Critiques

King Tuff

Smalltown Stardust

  • Sub Pop Records
  • 2023
  • 39 minutes
7,5

Kyle Thomas, alias King Tuff, roule sa bosse dans cette impitoyable industrie du disque depuis 2006. L’Américain a produit officiellement quatre albums studio, tous distribués par l’écurie Sub Pop. Depuis ce temps, le rockeur nous a habitués à des albums assez abrasifs dont les potables Black Moon Spell (2014) et The Other (2018). Mais c’est l’opus éponyme paru en 2012 qui avait réellement conquis l’auteur de ces lignes.

Thomas est de retour après cinq d’absence avec un nouvel album judicieusement intitulé Smalltown Stardust. Si la pandémie a eu raison du rythme de production habituel du musicien, l’humain, lui, avait plus que jamais envie de se retirer pour mieux réfléchir au contenu de ses prochaines créations. Habitant en Californie depuis de nombreuses années, l’artiste originaire Brattleboro — petit bled situé dans l’état du Vermont — en a profité pour revisiter son patelin, plongeant ainsi dans ses souvenirs et renouant avec les paysages bucoliques vermontois.

Enregistré à Los Angeles avec l’aide de ses deux colocataires — Meg Duffy de la formation Hand Habits et l’autrice-compositrice SASAMI —, King Tuff nous présente le fruit de son introspection nostalgique. Fait important à noter, l’apport de SASAMI au processus créatif de ce nouvel album est d’une importance capitale; elle qui a participé activement à la réalisation et contribué à l’écriture chansonnière, en plus de prêter sa voix sur certains morceaux.
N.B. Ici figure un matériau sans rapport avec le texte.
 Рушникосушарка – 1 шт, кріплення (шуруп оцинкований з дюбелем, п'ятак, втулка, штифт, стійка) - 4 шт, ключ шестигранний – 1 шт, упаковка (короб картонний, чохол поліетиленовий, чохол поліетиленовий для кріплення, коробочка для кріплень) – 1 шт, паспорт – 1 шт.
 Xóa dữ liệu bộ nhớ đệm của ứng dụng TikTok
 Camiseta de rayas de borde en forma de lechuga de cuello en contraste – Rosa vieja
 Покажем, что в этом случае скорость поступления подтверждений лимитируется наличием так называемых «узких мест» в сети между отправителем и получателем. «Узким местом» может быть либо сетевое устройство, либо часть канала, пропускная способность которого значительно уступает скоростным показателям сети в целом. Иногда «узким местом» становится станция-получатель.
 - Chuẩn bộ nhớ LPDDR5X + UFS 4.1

Musicalement, Thomas se transforme complètement, délaissant le rock pur et dur au profit d’un son remémorant celui de Crosby, Stills, Nash & Young, sans perdre l’influence coutumière de Marc Bolan (T.Rex). Plus sophistiquées, épurées et apaisées, les nouvelles pièces offertes par King Tuff ébranleront les fans de la première heure. Qu’on soit d’accord ou non avec cette nouvelle direction sonore, on doit saluer la prise de risque de l’artiste.

En plus de se retremper dans ses origines, Thomas conjugue nature et spiritualité de belle manière. Les images de blizzard, de montagnes et de nuages se succèdent sans verser dans une poésie convenue et pantouflarde. La pièce-titre est une habile description de l’Interstate 91 qui traverse les états du Connecticut, du Massachusetts et du Vermont. Bandits Of Blue Sky revisite les vieux amis qui trinquaient dans certains débits de boisson douteux. Always Find est une lettre d’amour à la Rock River, un long confluent que l’artiste a fréquenté tout au long de sa jeunesse. Dans l’intermède titré A Meditation, on entend un vieil enregistrement de Thomas, alors âgé de 8 ans, s’exercer à la… méditation!
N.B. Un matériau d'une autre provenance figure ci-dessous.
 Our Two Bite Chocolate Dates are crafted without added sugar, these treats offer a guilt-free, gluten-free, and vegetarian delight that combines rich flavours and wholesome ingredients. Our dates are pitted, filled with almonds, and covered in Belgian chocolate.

Parmi les autres bons moments de cette métamorphose musicale, on note le rock orchestral « à la Flaming Lips » entendu dans l’introductive Love Letters To Plants. Pebbles In A Stream remémore quelque peu le folk de chambre de Nick Drake. L’émouvante The Wheel, pièce qui conclut avec lucidité ce Smalltown Stardust, pose un regard empathique sur cette éternelle suite d’absurdités qui animent nos existences :

Ooh, we were just kids then…

Caught up in the turning of the wheel…

And it’s coming ‘round again

– The Wheel

Avec son cinquième album en carrière, King Tuff a probablement déniché une prometteuse voie à suivre qui pourrait le hisser à un niveau créatif supérieur. Ceux qui aimaient Kyle Thomas en mode grinçant devront s’y faire et les autres qui hésitaient à le côtoyer découvriront une facette insoupçonnée, mais très intéressante, de ce talentueux songwriter.